Records:
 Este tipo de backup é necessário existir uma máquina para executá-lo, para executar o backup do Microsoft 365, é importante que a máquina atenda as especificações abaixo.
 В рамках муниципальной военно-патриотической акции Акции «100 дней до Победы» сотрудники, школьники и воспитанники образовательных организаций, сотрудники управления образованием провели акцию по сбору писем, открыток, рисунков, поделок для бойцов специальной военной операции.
* * *
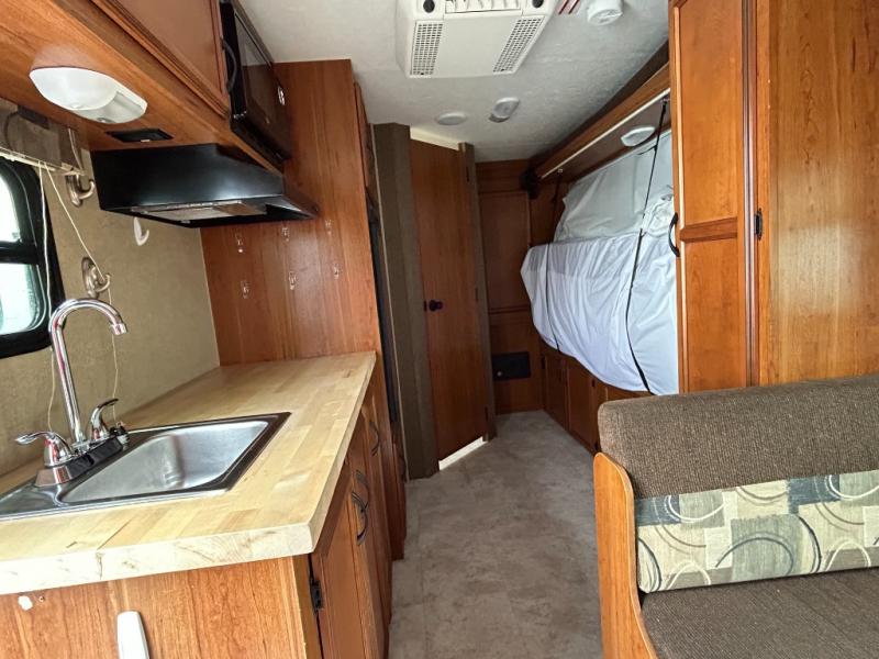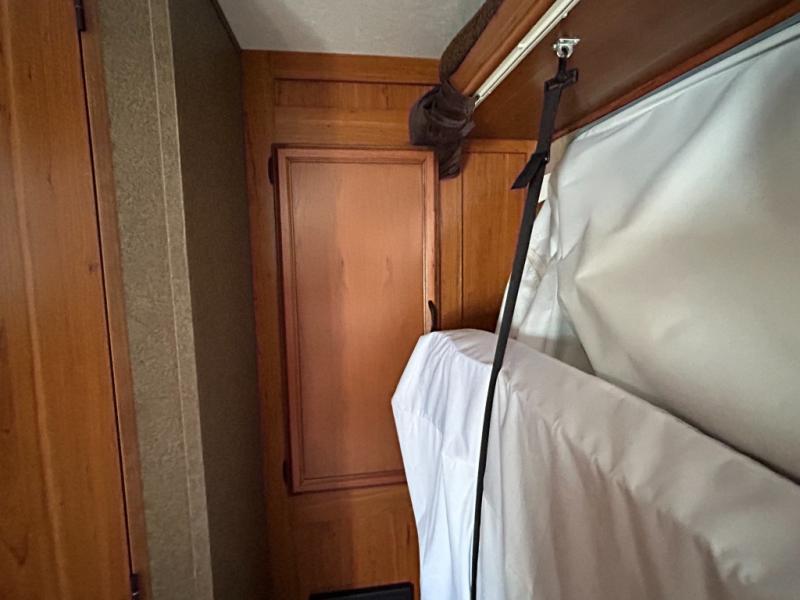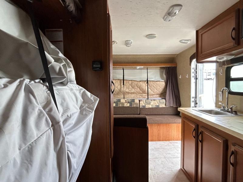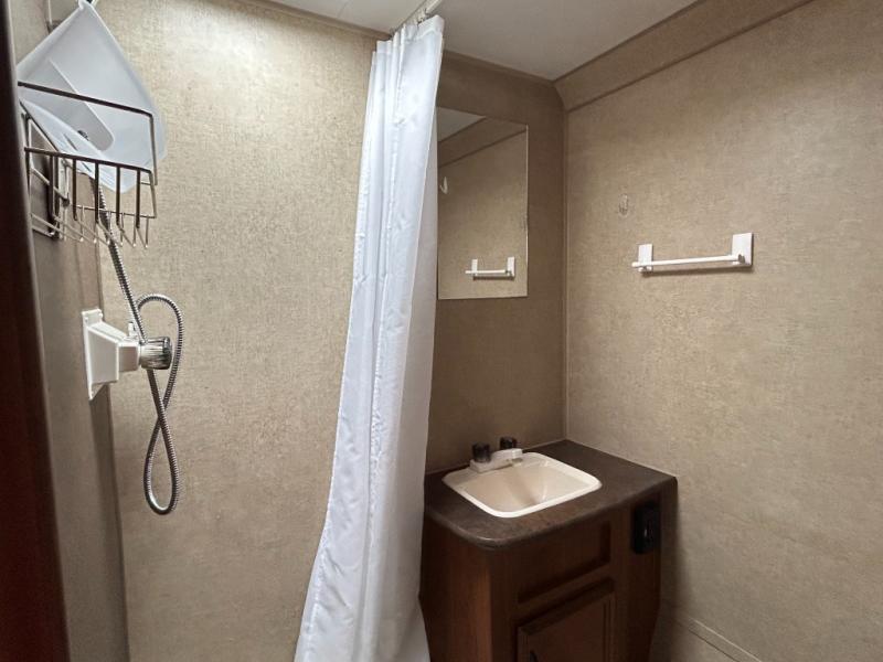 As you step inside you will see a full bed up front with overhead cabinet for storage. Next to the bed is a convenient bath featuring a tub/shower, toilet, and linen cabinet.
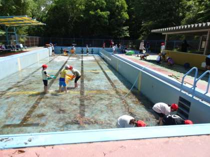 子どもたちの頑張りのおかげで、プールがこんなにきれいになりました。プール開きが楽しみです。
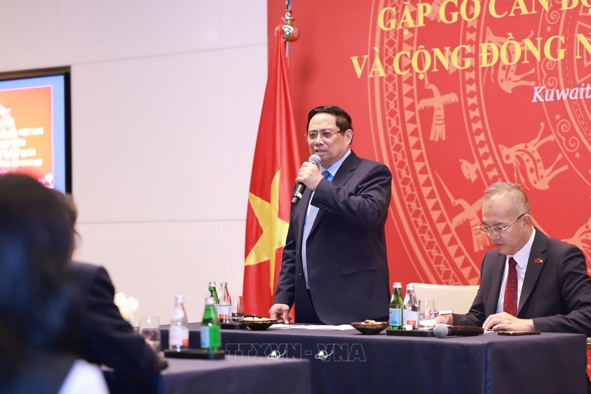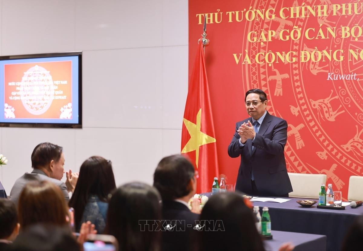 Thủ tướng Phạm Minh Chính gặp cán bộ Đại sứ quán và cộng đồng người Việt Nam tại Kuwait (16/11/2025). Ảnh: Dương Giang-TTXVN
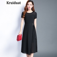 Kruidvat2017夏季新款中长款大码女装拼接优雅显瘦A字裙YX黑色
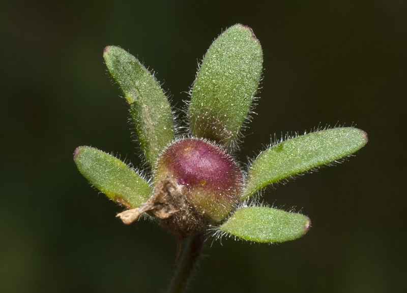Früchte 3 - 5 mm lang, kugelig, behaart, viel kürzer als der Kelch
==
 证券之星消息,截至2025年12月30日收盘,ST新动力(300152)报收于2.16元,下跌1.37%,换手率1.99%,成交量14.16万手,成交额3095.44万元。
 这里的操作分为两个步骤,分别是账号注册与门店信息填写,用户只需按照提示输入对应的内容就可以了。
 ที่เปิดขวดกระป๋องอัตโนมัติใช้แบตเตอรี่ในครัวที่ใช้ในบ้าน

Description of the task:
Taking the material above, extract exactly and only the lines from the line with "证券之星消息,截至2025年" to the line with "ที่เปิดขวดกระป", inclusive of both.

Result below:
 证券之星消息,截至2025年12月30日收盘,ST新动力(300152)报收于2.16元,下跌1.37%,换手率1.99%,成交量14.16万手,成交额3095.44万元。
 这里的操作分为两个步骤,分别是账号注册与门店信息填写,用户只需按照提示输入对应的内容就可以了。
 ที่เปิดขวดกระป๋องอัตโนมัติใช้แบตเตอรี่ในครัวที่ใช้ในบ้าน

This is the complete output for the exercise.